Re: "Star Wars" missile defense - practicle?

On of my problems with the missile defense system, is that it might actually compel nations to attack. I think there could be a lot less on the conscious of larger countries if they attacked. For one, there's basically a 50/50 chance it will work. And if it didn't, there would be no nuclear retaliation. But this sitatuion does remind me somewhat about how close Castro came to blowing the crap out of the US (and Cuba, and Russia, and the rest of the world). He was actually urging the Russians to attack. One of their recently declassified papers claimed that he had no clue what the ramifications of thermonuclear war really were.
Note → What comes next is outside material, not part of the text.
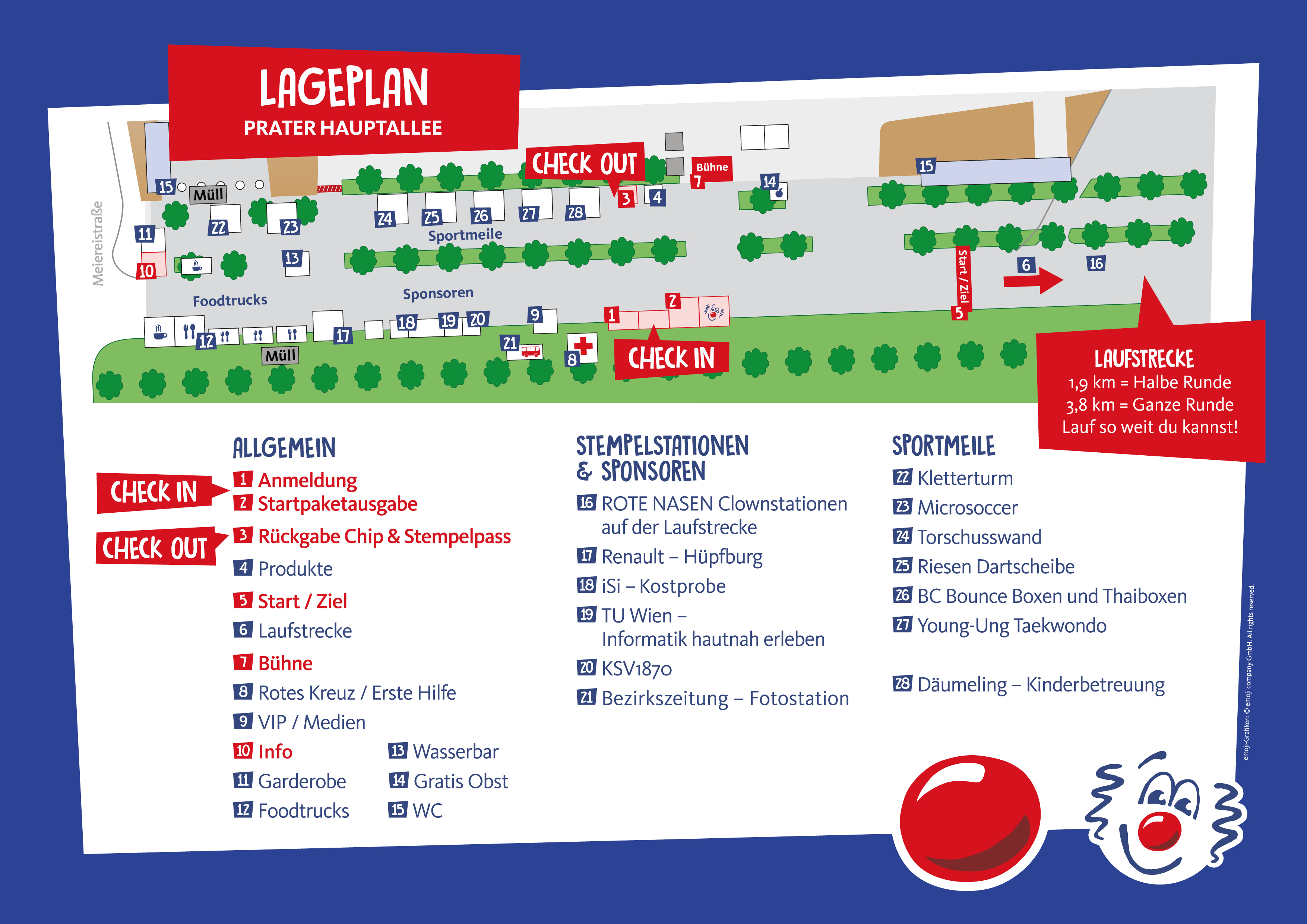 Die Laufstrecke ist ein Rundparcours auf der Prater Hauptallee und entweder 1,9 oder 3,8 Kilometer lang. Es können so viele Kilometer wie gewünscht zurückgelegt werden – je nach Lust und Laune. Du kannst laufend oder spazierend mitmachen, walkend, mit Ein-, Zwei- und Dreirad, mit Kinderwagen oder Rollstuhl, ganz egal. Beim ROTE NASEN LAUF ist alles möglich!

And... though the latest missile defense tests were ?successful,? I would take them with a grain of salt. The last few tests have all been shams since they weren't real world tests, where we know nothing about an incoming missile. And I still bet it could be circumvented relatively easy.


Phobos,

[...] but there's a theory that the reason we're so prone to wage war and kill other people is that, unlike a lot of predators, we never developed an instinct against killing our own kind.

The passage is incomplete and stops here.